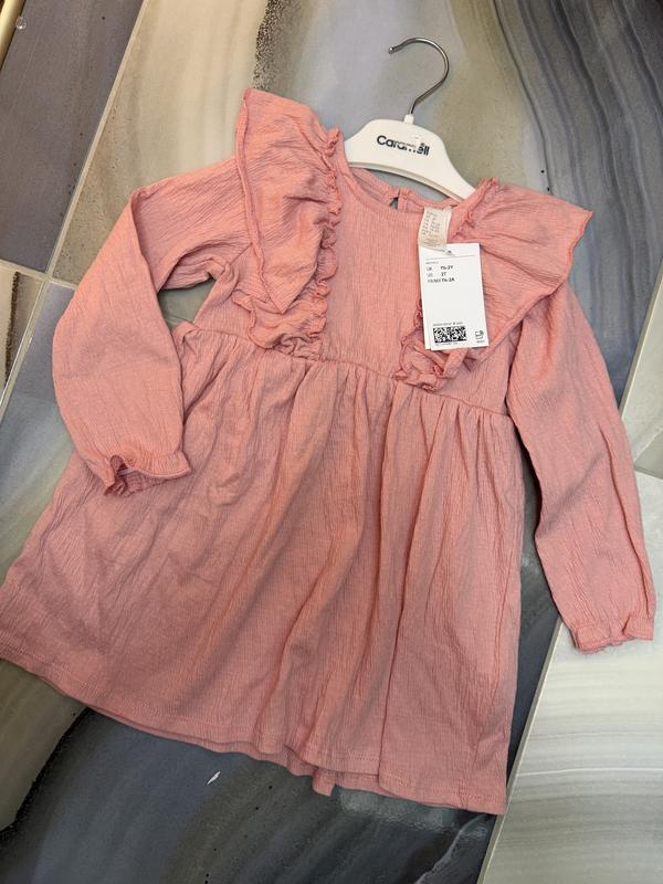 • Колір: ніжно-рожевий • Матеріал: 95% бавовна, 4% поліестер, 1% еластан • Стиль: з довгими рукавами та оборками • Стан: абсолютно новий з бірками • Не носилось
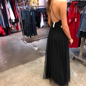 This deep v open black dress is gorgeous! My sister bought it for prom but last minute didn’t wear it. Never been worn and in great condition:) make offers below!
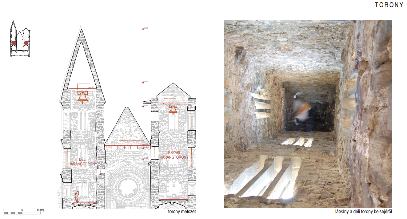 A tornyok közül a déli torony a csigalépcső felújításával a látogatók számára megközelíthetővé, különleges térélménnyé válhat. A tornyokban harangok elhelyezése is lehetséges, azok üzemeltetéséhez szolgáló hágcsórendszer a déli toronyból indulhat és a karzat feletti üvegtető párkánya felett az északi toronyban is beépíthető. A templom déli tornya alatti földszinti térben keresztelő medencét helyezünk el. A toronyaljból különleges látvány nyílik a déli mellékhajóra, megfelelő hátteret adva az itt folyó szertartásnak.
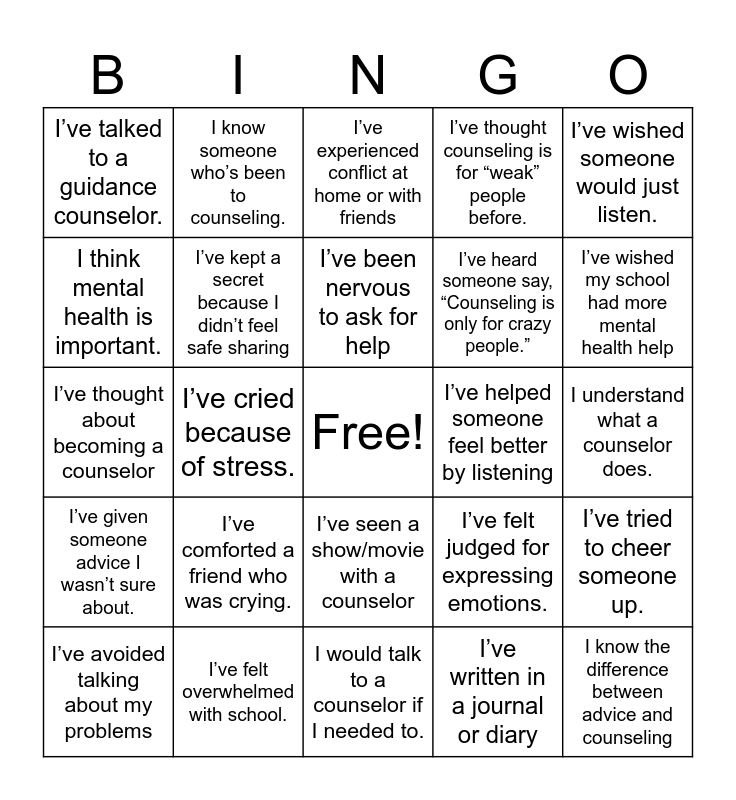 This bingo card has a free space and 24 words: I’ve comforted a friend who was crying., I’ve felt overwhelmed with school., I’ve been nervous to ask for help, I’ve avoided talking about my problems, I’ve wished someone would just listen., I’ve talked to a guidance counselor., I think mental health is important., I know someone who’s been to counseling., I’ve helped someone feel better by listening, I’ve seen a show/movie with a counselor, I’ve heard someone say, “Counseling is only for crazy people.”, I’ve thought about becoming a counselor, I’ve felt judged for expressing emotions., I’ve tried to cheer someone up., I’ve kept a secret because I didn’t feel safe sharing, I’ve written in a journal or diary, I understand what a counselor does., I’ve experienced conflict at home or with friends, I’ve wished my school had more mental health help, I’ve cried because of stress., I know the difference between advice and counseling, I’ve given someone advice I wasn’t sure about., I’ve thought counseling is for “weak” people before. and I would talk to a counselor if I needed to..
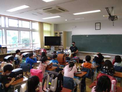 下校時の避難訓練でしたが、あいにくの空模様と校庭がかなりぬかるんでいたために、外には出ないで放送による訓練になりました。
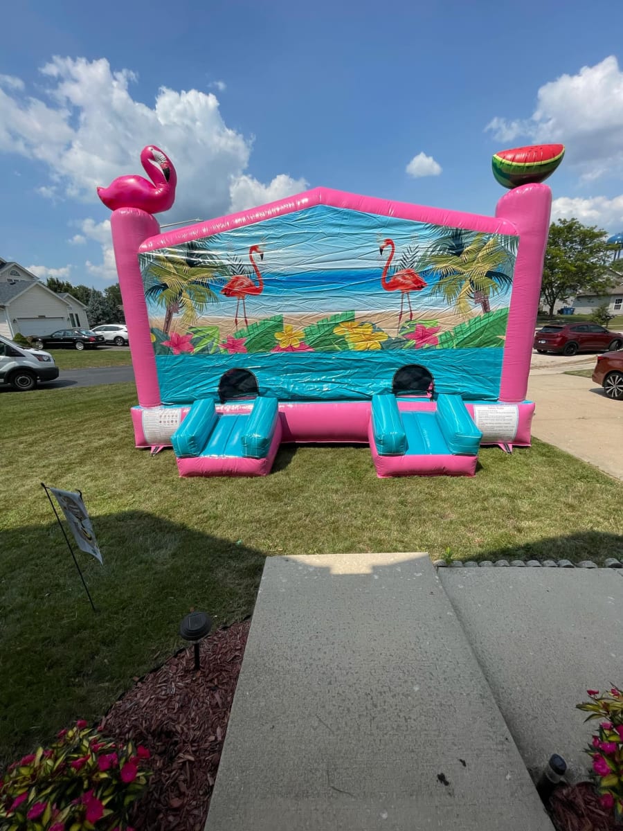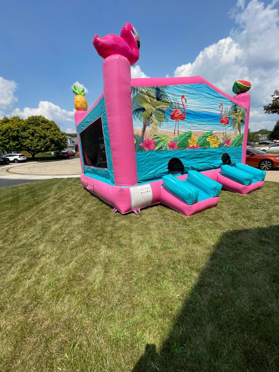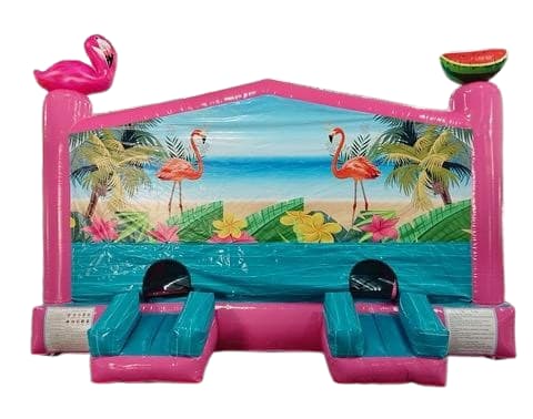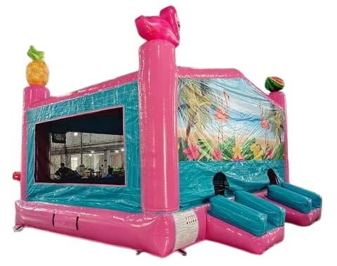 Turn your party into a tropical paradise with our XL Island Paradise Bounce House! 🌴🍉 Featuring a vibrant pink and teal marble vinyl design adorned with 3D pineapples, flamingos, and watermelons, this bounce house is a visual delight for all ages. The art panel showcases a serene beach scene with flamingos, palm trees, and hibiscus flowers, transporting your guests to a sunny island getaway. 🏝️🌺
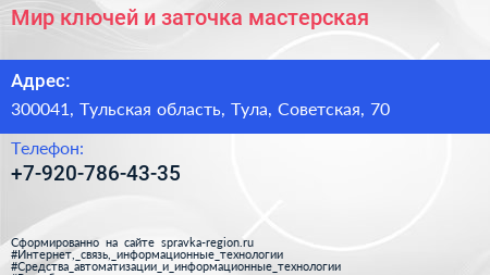 Мир ключей и заточка, мастерская по адресу 300041, Тульская область, Тула, Советская, 70 в дальнейшем Организация, размещена в следующих категориях:
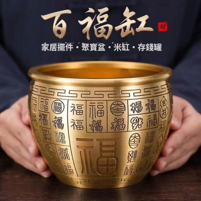黃銅米缸 人財兩旺 聚財百福 招財神器 聚寶盆 家庭擺件 五福缸 開運招財米缸
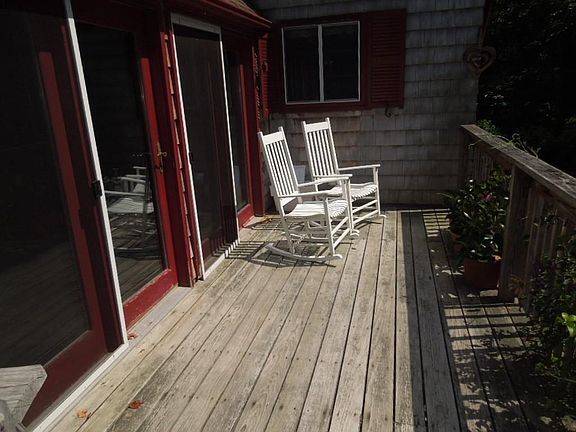 Story book dormered Cape on professionally landscaped lot with stunning perennial gardens and private yard. This traditional Cape offers all the built ins, the nooks and crannies which you would expect. Wide pine floors , wainscotting. Front to back living room with wood burning fireplace and built in book shelf. Fully applianced kitchen with center island, formal dining room. Cathedral ceiling'd sun porch off kitchen with cathedral ceilings and ceiling fan which opens to wrap around deck with handicapped ramp. Upstairs are 3 large bedrooms including a19'x14' front to back Master and custom closet built ins. Wide Pine floors upstairs as well. Handicapped bathroom upstairs.
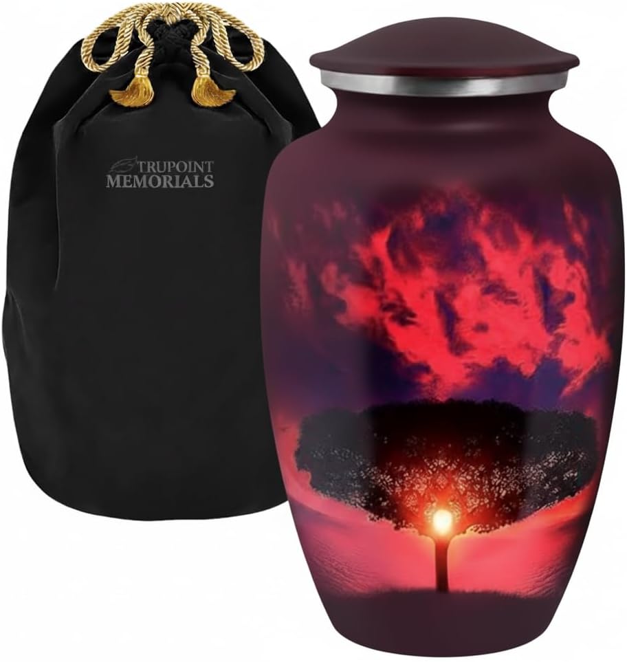 Trupoint Memorials Cremation Urns for Human Ashes, Tree of Life Decorative Burial Urn for Adult Men and Women, Large Red Sunset
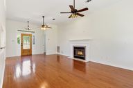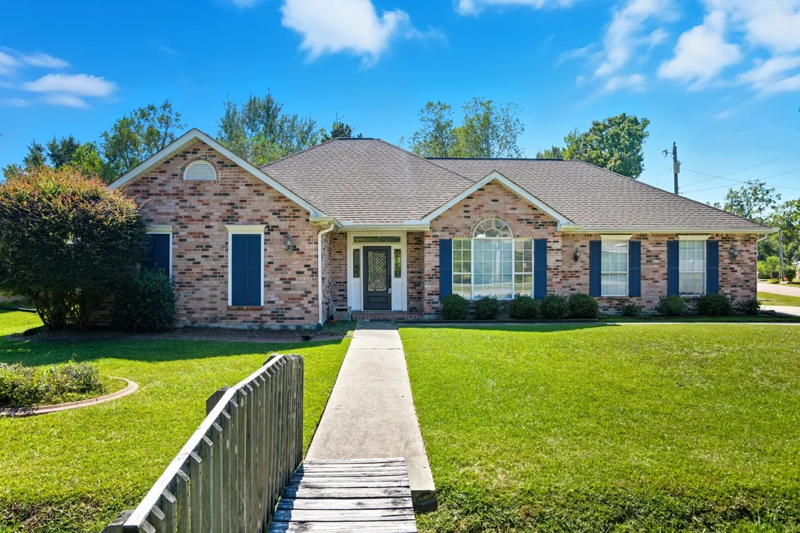 Side-entry two-car garageCovered back porchCozy fireplaceFormal dining roomSplit-bedroom floor planCorner lot
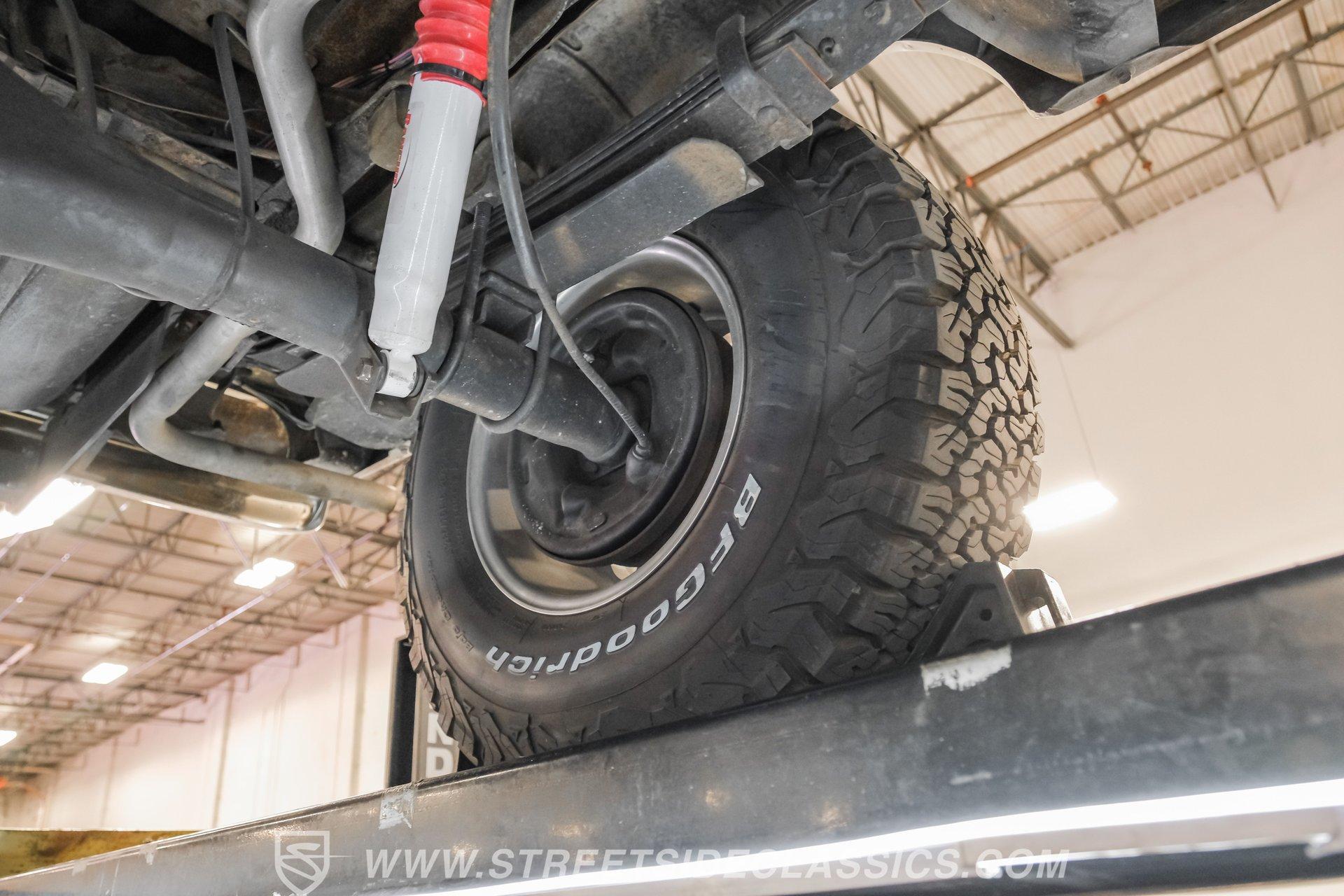 Under the hood lies the heart of a 351M V8 engine, delivering the rumble and raw power that Bronco enthusiasts crave. The 3-speed C6 automatic transmission smoothly channels power to the Dana 44 front axle and Ford 9'' rear, backed by power disc brakes up front and power drums in the rear. Upgraded suspension components like BDS NX Nitro dual steering stabilizers and Rancho shocks ensure a composed ride on or off pavement. The dual exhaust adds a throaty soundtrack that completes the driving experience with u unmistakable presence.
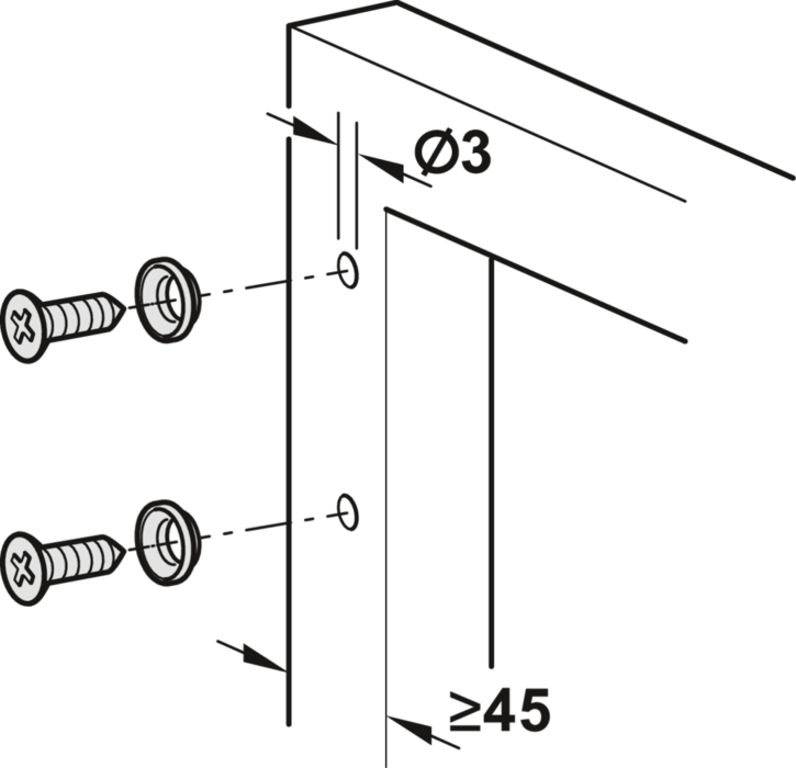 Häfele 372.27.600 / Free space upevňovacie skrutky pre čela s hliníkovým rámčekom, od šírky rámčeku 45 mm
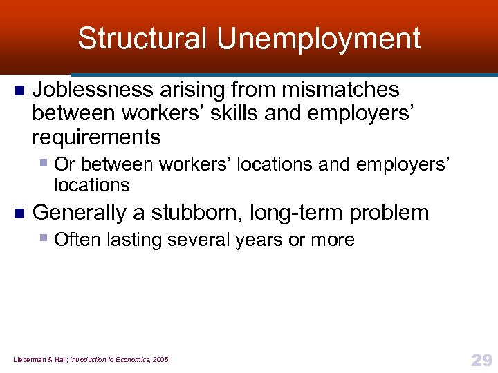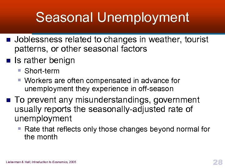 Seasonal Unemployment n n Joblessness related to changes in weather, tourist patterns, or other seasonal factors Is rather benign § Short-term § Workers are often compensated in advance for unemployment they experience in off-season n To prevent any misunderstandings, government usually reports the seasonally-adjusted rate of unemployment § Rate that reflects only those changes beyond normal for the month Lieberman & Hall; Introduction to Economics, 2005 28
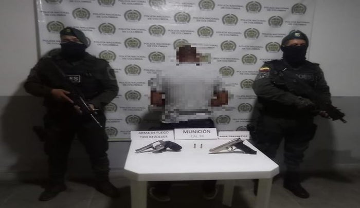 De esta manera los uniformados logran la captura en flagrancia de un hombre el cual, al momento de realizarle registro a persona, actividad que se propuso las autoridades a realizar diariamente, se le halló en su poder un arma de fuego tipo revólver, calibre 38 milímetros con 2 cartuchos al el que se le da un valor cerca de 3 millones de pesos, sin permiso para porte o tenencia, así mismo 1 arma traumática tipo pistola calibre 9 milímetros, color negro con 4 cartuchos.
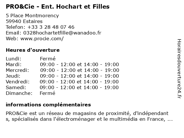 | Samedi | 09:00-12:00 et 14:00-19:00 |
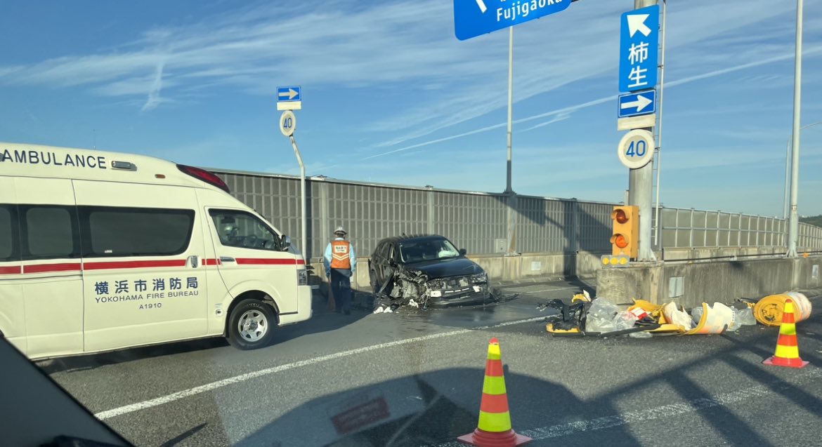 横浜青葉出口で事故 pic.twitter.com/xAOE0OELjX
- - - - - - -
→ **DIRECTIONS FOR THIS TASK**: Give back exactly the lines from the opening of the listing through the line holding "A tornyok közül", both ends included, with every picture omitted.

→ **TASK ANSWER**:
 • Колір: ніжно-рожевий • Матеріал: 95% бавовна, 4% поліестер, 1% еластан • Стиль: з довгими рукавами та оборками • Стан: абсолютно новий з бірками • Не носилось
 This deep v open black dress is gorgeous! My sister bought it for prom but last minute didn’t wear it. Never been worn and in great condition:) make offers below!
 A tornyok közül a déli torony a csigalépcső felújításával a látogatók számára megközelíthetővé, különleges térélménnyé válhat. A tornyokban harangok elhelyezése is lehetséges, azok üzemeltetéséhez szolgáló hágcsórendszer a déli toronyból indulhat és a karzat feletti üvegtető párkánya felett az északi toronyban is beépíthető. A templom déli tornya alatti földszinti térben keresztelő medencét helyezünk el. A toronyaljból különleges látvány nyílik a déli mellékhajóra, megfelelő hátteret adva az itt folyó szertartásnak.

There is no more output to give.